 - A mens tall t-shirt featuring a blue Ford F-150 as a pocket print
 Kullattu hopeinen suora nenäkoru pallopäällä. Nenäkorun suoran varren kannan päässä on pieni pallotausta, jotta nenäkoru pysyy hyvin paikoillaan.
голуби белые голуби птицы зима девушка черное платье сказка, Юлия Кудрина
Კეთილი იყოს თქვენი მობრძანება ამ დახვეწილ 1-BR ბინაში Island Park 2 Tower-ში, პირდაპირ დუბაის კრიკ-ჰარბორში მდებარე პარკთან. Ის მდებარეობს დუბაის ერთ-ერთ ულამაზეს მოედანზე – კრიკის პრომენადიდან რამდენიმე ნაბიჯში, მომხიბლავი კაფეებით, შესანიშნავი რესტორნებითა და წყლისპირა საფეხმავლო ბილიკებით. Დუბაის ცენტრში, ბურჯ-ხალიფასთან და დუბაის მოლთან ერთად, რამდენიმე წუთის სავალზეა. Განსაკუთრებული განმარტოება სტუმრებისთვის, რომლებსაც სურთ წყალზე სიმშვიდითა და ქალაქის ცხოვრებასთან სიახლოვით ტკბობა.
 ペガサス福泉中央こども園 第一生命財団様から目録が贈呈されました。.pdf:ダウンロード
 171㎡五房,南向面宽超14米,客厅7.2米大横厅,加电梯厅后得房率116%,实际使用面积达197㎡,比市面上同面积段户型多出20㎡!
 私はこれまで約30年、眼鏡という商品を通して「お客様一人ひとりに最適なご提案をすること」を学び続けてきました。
---
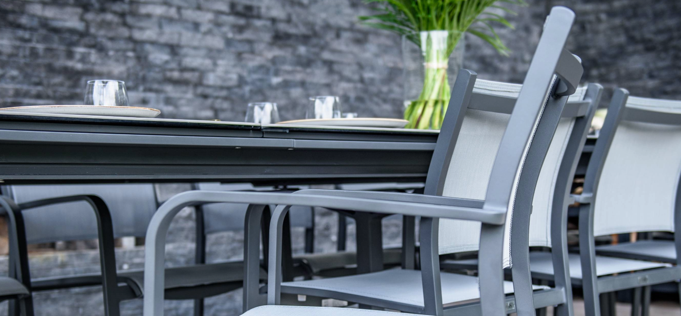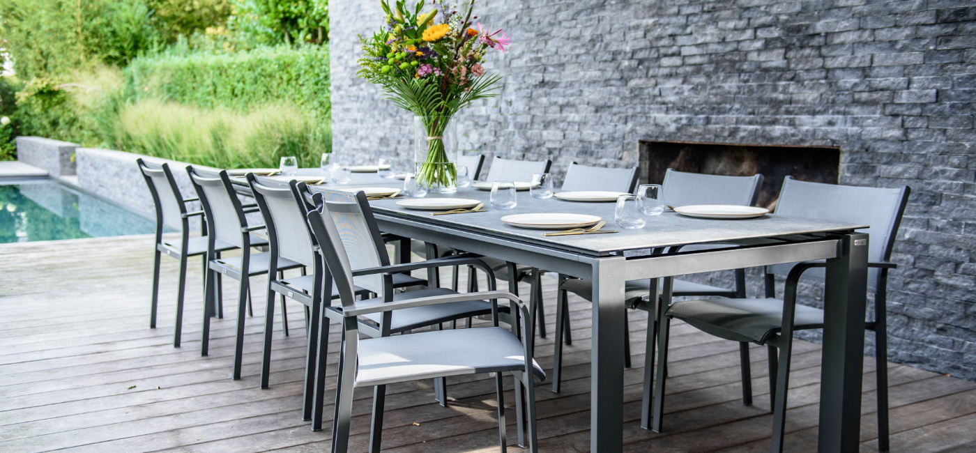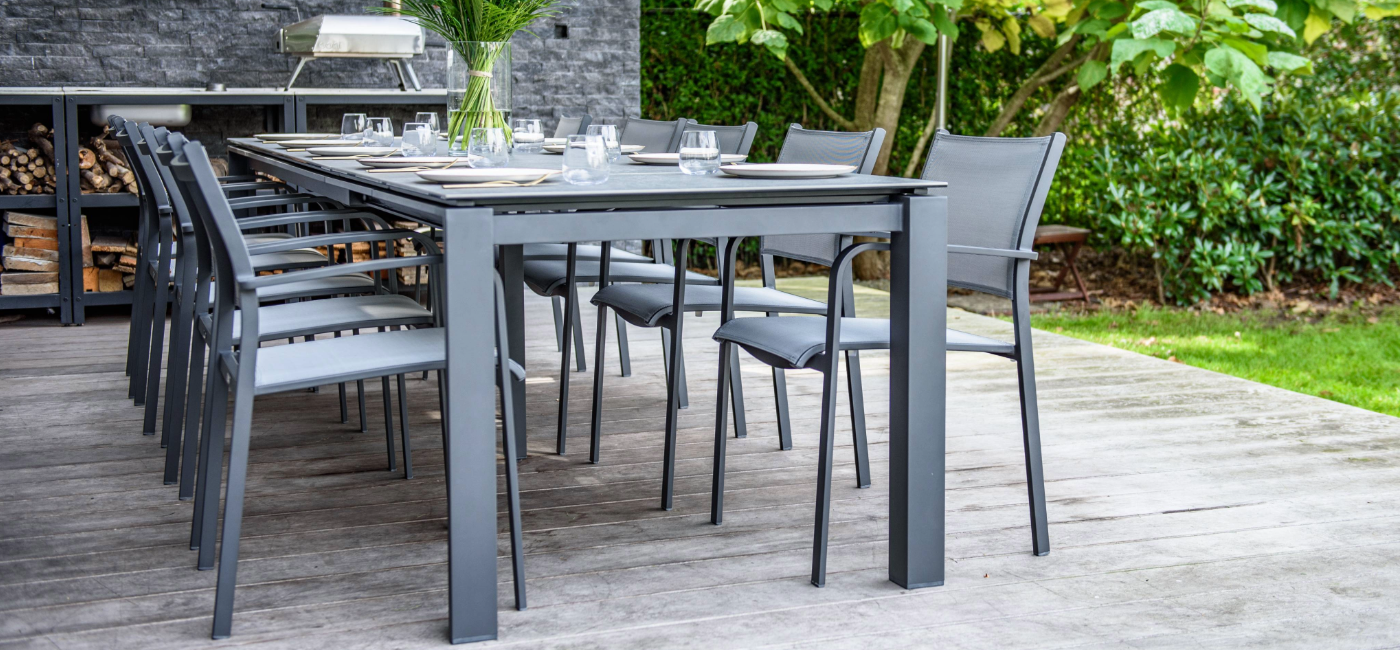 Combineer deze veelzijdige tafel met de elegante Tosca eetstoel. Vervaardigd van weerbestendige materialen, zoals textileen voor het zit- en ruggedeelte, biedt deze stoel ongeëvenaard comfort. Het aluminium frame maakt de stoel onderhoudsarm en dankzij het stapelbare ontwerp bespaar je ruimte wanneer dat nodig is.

EXERCISE AIM ::
Of all the entries above, retype exactly the lines from the line with "Kullattu hopeinen suora" to the line with "ペガサス福泉中央こども園 第", both included, and no others.

EXPECTED OUTPUT ::
 Kullattu hopeinen suora nenäkoru pallopäällä. Nenäkorun suoran varren kannan päässä on pieni pallotausta, jotta nenäkoru pysyy hyvin paikoillaan.
голуби белые голуби птицы зима девушка черное платье сказка, Юлия Кудрина
Კეთილი იყოს თქვენი მობრძანება ამ დახვეწილ 1-BR ბინაში Island Park 2 Tower-ში, პირდაპირ დუბაის კრიკ-ჰარბორში მდებარე პარკთან. Ის მდებარეობს დუბაის ერთ-ერთ ულამაზეს მოედანზე – კრიკის პრომენადიდან რამდენიმე ნაბიჯში, მომხიბლავი კაფეებით, შესანიშნავი რესტორნებითა და წყლისპირა საფეხმავლო ბილიკებით. Დუბაის ცენტრში, ბურჯ-ხალიფასთან და დუბაის მოლთან ერთად, რამდენიმე წუთის სავალზეა. Განსაკუთრებული განმარტოება სტუმრებისთვის, რომლებსაც სურთ წყალზე სიმშვიდითა და ქალაქის ცხოვრებასთან სიახლოვით ტკბობა.
 ペガサス福泉中央こども園 第一生命財団様から目録が贈呈されました。.pdf:ダウンロード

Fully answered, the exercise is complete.